These are special ceremonies that are inserted into the regular ceremony and will enhance any wedding. They are short yet have very powerful symbolic meanings and will contribute to beautiful memories.
If you want to include one of these special ceremonies, bring the candles, glass (Jewish glass breaking),Greek crowns, Water different colors (food Coloring), 13 colors Handfasting Silk -ribbon ceremony,Shell, sand, etc… of your choosing with you. These items can be something you already own or easily found at Michael’s or similar craft stores. Ofcourse, there are the most common additions Insertions
such as the Candle (good for Indoors) SandVessel ceremonies
but there are other insertions just as meaningful
such as the Winebox Ceremony or Pnanting of a tree! These insertions are customarily done right after the ring exchange and before a marriage prayer or Blessing and Pronouncement.
Lets focus first on the Plant or Tree ceremony.
UNITY – TREE planting Ceremony
Note: couple could actually pland a tree in ground with prior permission or choose as above pictured.
Erin and Bronson, will now take part in a Tree Planting Ceremony, to symbolize the roots of their relationship, and the continued growth of their love, as they become each other’s family today. Love is the essence of human experience and emotion. It is the root of all and everything we, as humans, do. Love richens our experience, and fills our lives with meaning. It gives us a firm base from which to grow, to learn, and change. Let your relationship and your love for each other be like this tree you plant today. Let it grow tall and strong. Let it stand tall during the harsh winds and rains and storms, and come through unscathed. Like a tree, your marriage must be resilient. It must weather the challenges of daily life and the passage of time. And just like the tree you are planting, marriage requires constant nurturing and nourishment. As they provide the sun, soil, and water for this tree, they will provide the encouragement, trust, and love needed on a daily basis to consciously nurture and nourish their connection to each other!

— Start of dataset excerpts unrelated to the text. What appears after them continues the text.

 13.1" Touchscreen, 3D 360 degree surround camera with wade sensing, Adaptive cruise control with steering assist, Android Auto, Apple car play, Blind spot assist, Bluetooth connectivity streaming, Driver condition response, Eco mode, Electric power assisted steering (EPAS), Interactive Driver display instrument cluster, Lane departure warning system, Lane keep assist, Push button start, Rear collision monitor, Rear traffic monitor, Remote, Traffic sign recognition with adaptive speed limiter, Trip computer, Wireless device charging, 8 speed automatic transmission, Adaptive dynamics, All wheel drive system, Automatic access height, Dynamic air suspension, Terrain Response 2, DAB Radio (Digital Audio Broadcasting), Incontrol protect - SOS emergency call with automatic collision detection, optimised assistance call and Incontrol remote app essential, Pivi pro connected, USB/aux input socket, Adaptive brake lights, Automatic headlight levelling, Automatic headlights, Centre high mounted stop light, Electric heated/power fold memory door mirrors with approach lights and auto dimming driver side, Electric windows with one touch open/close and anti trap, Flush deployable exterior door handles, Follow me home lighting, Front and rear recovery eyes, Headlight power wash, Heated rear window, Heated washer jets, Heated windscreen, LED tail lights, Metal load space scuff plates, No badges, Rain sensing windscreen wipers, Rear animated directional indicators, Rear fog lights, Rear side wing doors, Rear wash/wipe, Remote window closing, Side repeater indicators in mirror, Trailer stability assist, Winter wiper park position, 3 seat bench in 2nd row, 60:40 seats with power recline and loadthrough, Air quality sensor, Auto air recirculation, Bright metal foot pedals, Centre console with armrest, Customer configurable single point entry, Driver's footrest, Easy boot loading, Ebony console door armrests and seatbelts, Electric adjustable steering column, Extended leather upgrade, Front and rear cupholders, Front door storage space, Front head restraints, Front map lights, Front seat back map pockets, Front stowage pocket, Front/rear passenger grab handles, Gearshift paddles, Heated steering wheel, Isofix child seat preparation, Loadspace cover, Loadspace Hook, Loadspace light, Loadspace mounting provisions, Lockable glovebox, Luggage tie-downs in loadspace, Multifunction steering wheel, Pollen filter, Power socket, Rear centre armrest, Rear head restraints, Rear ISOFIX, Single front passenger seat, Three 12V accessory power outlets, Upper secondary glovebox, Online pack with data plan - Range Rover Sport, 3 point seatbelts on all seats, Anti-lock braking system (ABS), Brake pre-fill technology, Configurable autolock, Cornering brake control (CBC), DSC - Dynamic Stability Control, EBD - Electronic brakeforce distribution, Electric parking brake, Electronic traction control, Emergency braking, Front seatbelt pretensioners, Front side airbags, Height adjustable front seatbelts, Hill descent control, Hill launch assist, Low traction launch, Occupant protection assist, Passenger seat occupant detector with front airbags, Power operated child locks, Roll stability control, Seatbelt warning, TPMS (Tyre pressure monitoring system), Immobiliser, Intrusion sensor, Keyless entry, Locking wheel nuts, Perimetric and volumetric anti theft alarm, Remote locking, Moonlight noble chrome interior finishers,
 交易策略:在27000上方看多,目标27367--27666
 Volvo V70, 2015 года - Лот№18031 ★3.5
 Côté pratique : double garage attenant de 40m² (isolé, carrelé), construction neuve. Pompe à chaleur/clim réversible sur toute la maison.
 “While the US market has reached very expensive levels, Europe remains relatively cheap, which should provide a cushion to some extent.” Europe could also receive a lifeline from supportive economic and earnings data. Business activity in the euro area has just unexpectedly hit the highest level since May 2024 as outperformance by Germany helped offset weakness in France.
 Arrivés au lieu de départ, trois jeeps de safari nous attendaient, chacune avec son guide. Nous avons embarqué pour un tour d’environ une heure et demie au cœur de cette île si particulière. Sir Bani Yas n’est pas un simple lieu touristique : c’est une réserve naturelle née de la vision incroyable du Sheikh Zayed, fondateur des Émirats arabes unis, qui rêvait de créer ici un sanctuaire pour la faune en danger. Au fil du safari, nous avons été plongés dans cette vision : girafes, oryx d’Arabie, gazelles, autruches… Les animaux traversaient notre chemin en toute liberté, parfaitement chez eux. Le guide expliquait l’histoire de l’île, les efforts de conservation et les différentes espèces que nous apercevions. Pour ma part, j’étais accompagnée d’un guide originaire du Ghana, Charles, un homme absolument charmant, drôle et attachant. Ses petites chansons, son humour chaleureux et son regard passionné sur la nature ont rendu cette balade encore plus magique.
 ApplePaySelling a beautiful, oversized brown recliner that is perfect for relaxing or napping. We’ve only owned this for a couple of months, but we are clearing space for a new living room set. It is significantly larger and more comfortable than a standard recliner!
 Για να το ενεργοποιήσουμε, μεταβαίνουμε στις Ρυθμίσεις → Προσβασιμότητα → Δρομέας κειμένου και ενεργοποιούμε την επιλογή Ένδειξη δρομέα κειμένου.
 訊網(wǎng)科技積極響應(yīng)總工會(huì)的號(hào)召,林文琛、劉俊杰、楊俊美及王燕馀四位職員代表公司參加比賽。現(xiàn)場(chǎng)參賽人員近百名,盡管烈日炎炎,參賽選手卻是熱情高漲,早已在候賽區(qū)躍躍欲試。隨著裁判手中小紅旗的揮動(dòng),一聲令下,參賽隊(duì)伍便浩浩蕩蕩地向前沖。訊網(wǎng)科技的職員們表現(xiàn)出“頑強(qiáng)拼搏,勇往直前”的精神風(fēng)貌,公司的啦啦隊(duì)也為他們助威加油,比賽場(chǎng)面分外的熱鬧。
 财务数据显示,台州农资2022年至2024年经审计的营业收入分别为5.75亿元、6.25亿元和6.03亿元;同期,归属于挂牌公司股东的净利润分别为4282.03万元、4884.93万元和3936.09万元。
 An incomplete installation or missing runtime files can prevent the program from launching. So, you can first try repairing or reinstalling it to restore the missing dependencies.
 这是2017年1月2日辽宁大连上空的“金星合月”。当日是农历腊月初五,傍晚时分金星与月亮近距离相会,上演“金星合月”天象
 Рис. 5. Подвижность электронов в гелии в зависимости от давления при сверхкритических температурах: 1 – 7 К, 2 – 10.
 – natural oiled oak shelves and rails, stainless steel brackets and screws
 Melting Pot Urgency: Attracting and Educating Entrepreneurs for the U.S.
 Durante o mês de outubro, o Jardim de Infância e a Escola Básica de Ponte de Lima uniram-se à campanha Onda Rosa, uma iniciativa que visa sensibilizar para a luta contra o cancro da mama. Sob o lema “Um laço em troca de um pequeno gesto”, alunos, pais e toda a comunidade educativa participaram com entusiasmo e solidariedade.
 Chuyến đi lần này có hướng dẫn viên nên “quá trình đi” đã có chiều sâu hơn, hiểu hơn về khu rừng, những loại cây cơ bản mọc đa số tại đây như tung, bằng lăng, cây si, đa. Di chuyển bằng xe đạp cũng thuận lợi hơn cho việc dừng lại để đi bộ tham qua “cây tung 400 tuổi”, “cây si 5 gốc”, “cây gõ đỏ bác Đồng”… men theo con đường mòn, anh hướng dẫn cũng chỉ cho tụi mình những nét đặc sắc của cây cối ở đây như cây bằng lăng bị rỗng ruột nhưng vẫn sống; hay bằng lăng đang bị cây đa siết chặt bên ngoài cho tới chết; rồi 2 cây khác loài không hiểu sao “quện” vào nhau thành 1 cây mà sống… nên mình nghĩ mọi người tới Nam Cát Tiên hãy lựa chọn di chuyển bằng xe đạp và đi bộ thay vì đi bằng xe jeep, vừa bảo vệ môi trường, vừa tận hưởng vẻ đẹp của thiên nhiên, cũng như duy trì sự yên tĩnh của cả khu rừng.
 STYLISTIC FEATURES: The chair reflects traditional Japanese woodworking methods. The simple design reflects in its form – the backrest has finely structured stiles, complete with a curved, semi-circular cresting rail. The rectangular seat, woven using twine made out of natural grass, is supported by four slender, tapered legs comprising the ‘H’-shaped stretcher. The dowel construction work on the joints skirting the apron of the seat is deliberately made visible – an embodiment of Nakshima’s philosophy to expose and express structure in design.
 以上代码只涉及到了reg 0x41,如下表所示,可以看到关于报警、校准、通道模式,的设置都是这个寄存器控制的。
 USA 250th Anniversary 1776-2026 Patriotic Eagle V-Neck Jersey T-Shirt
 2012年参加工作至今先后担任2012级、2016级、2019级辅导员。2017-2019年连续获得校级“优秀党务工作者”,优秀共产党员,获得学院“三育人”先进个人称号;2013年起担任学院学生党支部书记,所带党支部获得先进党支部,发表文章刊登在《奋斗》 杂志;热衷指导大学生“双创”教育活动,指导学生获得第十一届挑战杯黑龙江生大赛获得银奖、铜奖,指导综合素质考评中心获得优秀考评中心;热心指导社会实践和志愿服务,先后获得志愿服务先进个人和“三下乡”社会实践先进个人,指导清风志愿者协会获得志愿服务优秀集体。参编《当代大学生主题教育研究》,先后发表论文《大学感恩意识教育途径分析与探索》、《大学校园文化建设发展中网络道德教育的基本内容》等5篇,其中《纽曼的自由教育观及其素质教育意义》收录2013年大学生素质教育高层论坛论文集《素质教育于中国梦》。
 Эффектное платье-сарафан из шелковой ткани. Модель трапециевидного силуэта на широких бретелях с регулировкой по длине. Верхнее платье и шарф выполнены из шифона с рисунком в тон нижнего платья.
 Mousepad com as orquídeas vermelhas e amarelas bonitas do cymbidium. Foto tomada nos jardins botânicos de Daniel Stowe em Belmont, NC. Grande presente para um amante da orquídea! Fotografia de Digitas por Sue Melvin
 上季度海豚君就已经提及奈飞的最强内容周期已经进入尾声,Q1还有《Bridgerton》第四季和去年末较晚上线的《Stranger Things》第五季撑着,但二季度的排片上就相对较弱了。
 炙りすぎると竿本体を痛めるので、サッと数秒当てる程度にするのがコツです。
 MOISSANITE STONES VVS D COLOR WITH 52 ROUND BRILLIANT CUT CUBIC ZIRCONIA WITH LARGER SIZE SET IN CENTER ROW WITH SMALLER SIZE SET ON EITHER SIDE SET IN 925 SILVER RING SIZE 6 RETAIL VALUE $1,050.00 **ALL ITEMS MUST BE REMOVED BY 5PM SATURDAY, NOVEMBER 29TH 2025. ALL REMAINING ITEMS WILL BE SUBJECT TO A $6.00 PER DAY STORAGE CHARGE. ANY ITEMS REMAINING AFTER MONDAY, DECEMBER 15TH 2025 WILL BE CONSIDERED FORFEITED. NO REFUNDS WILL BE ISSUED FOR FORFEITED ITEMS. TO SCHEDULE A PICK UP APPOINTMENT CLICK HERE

Kaitlyn and Christien will water the tree now gently!
Note: some boxes are purchased witha key or could be a handmade box that get’s shut with nail and hammer.
Wine Ceremony, as with the other unification ceremonies, the bride and the groom each have an individual vessel and blend their contents into a third. In a wine ceremony, the couple may each have the same wine or they may opt for one to pour red wine while the other pours white.
The effect is aesthetically pleasing, but I am not sure I would serve the results at the reception. The officiant guides the couple through the wine ceremony ritual and explains the symbolism to the guests.
Alternately, a wine ceremony can be used to symbolize the marriage bond that persists in times and joy and in sorrow.
Wine Ceremony Example:
It is the goal of marriage to achieve a blending of hearts and lives—but let there be spaces in your new life together, so that each may encourage and nurture the individual growth of the other. Even so, your separate lives will become one life; your separate homes, one home, your separate fortunes, one fortune.
Over the horizon of the future, there comes toward you even now, hours of brightness and hours of shadow, for such is the nature of life.
(Pick up the goblet of sweet wine.)
Life has, indeed, many bright and happy experiences, of which this sweet wine is a token. As you drink of it together, may it serve as a symbol of the joy that comes with loving and sharing, and may your happiness be tempered with gratitude and modesty and a bountiful sympathy for those who are less fortunate than you.
(Pass goblet to partner #1, who drinks and passes it to partner #2, who drinks and passes it back to you. Return goblet to table and pick up goblet of bitter wine.)
But when hardship and sorrow and disappointment come, of which this bitter wine is a token, may you care enough to help one another with courage and compassion, neither one blaming the other for folly or failure, or regretting the obligation of marriage to share and bear together the chances and changes of a life deeply lived.